_Exercise goal_.
Starting with the line that contains "The BEST WHIP", copy each line exactly through the end of the listing, and omit all pictures.

_The data_.
****************************************
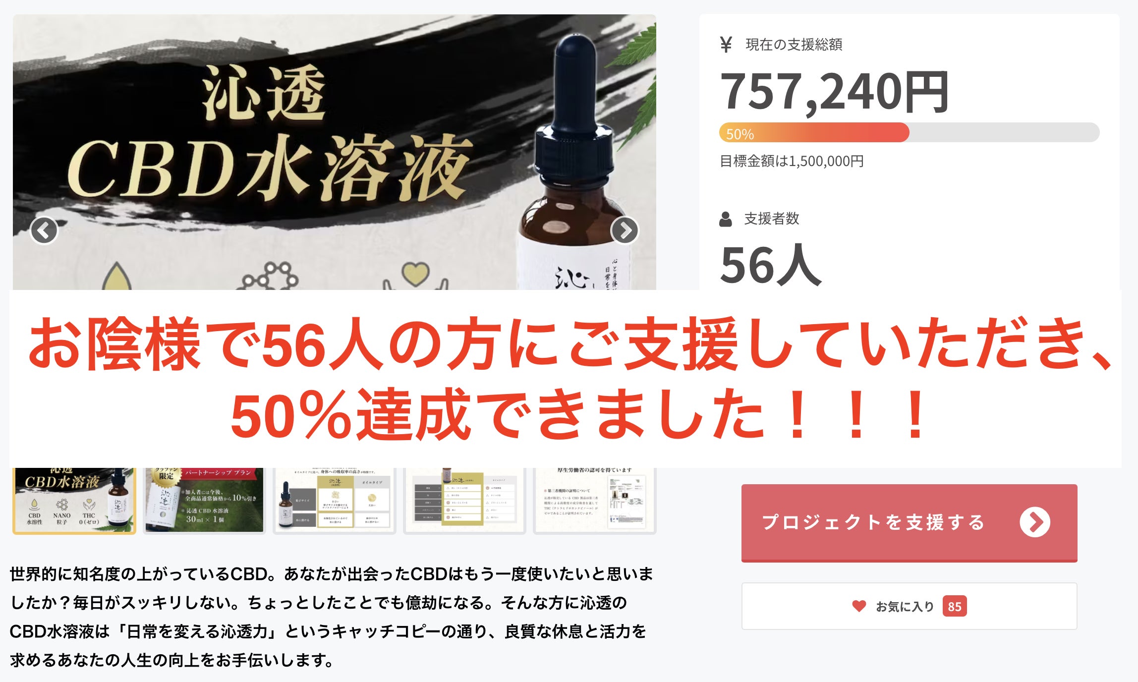 2023/06/22 09:005月15日にスタートしたクラウドファンディングですが、皆様のお陰で56人の方にご支援いただき、50%を達成することができました。5月22日には展示会に出展をし、約400名が参加するイベントに出展をすることができました。また、現在沁透のブランド動画、商品PR動画、商品比較動画を作成しております。皆様に深くCBDを知っていただくために様々なコンテンツを準備しておりますので、完成次第ご報告させていただきます!!引き続き応援のほどよろしくお願いいたします。 もっと見る
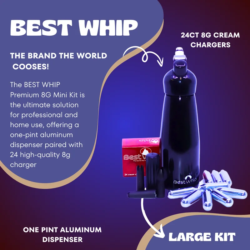 The BEST WHIP Premium N2O 8G Large Kit is a professional-grade cream whipper set , featuring a durable one-pint aluminum dispenser and 24 high-quality 8g N2O chargers . This kit is ideal for culinary professionals and home enthusiasts , delivering smooth, fluffy, and consistent whipped cream, foams, and infusions . Designed for efficiency and durability , the aluminum dispenser is lightweight yet strong , while the premium-grade chargers ensure optimal performance every time . Features: Complete
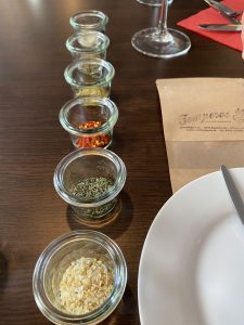 Jörg Günther betreibt die kleine Gewürz-Manufaktur „Temperos“ in Braunschweig, in der man Anregungen und natürlich gleich auch die passenden Gewürze finden kann. (Tipps sind aber auch immer Werbung, aber wir bekommen nichts dafür …). Zu verschiedenen Themen bietet Günther gemeinsam mit seiner brasilianischen Geschäftspartnerin Rita Pimentel auch Kurse an. Wegen Corona sind die Gruppen derzeit schön klein. Wir waren nur fünf, aber acht sind auch erlaubt und wer weiß, bei der nächsten Lockerung vielleicht noch mehr.
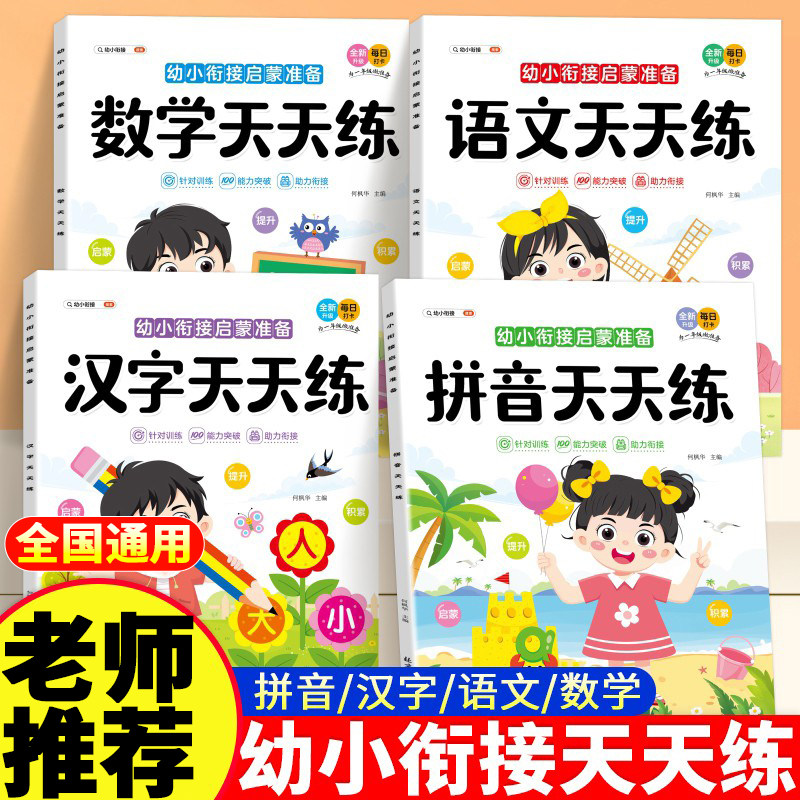 幼小衔接教材全套一日一练人教版拼音汉字语文专用教材寒假作业大班中班口算幼儿园启蒙早教书天天练学前班升一年级入学准备练习册
****************************************
_Result for this exercise_.
 The BEST WHIP Premium N2O 8G Large Kit is a professional-grade cream whipper set , featuring a durable one-pint aluminum dispenser and 24 high-quality 8g N2O chargers . This kit is ideal for culinary professionals and home enthusiasts , delivering smooth, fluffy, and consistent whipped cream, foams, and infusions . Designed for efficiency and durability , the aluminum dispenser is lightweight yet strong , while the premium-grade chargers ensure optimal performance every time . Features: Complete
 Jörg Günther betreibt die kleine Gewürz-Manufaktur „Temperos“ in Braunschweig, in der man Anregungen und natürlich gleich auch die passenden Gewürze finden kann. (Tipps sind aber auch immer Werbung, aber wir bekommen nichts dafür …). Zu verschiedenen Themen bietet Günther gemeinsam mit seiner brasilianischen Geschäftspartnerin Rita Pimentel auch Kurse an. Wegen Corona sind die Gruppen derzeit schön klein. Wir waren nur fünf, aber acht sind auch erlaubt und wer weiß, bei der nächsten Lockerung vielleicht noch mehr.
 幼小衔接教材全套一日一练人教版拼音汉字语文专用教材寒假作业大班中班口算幼儿园启蒙早教书天天练学前班升一年级入学准备练习册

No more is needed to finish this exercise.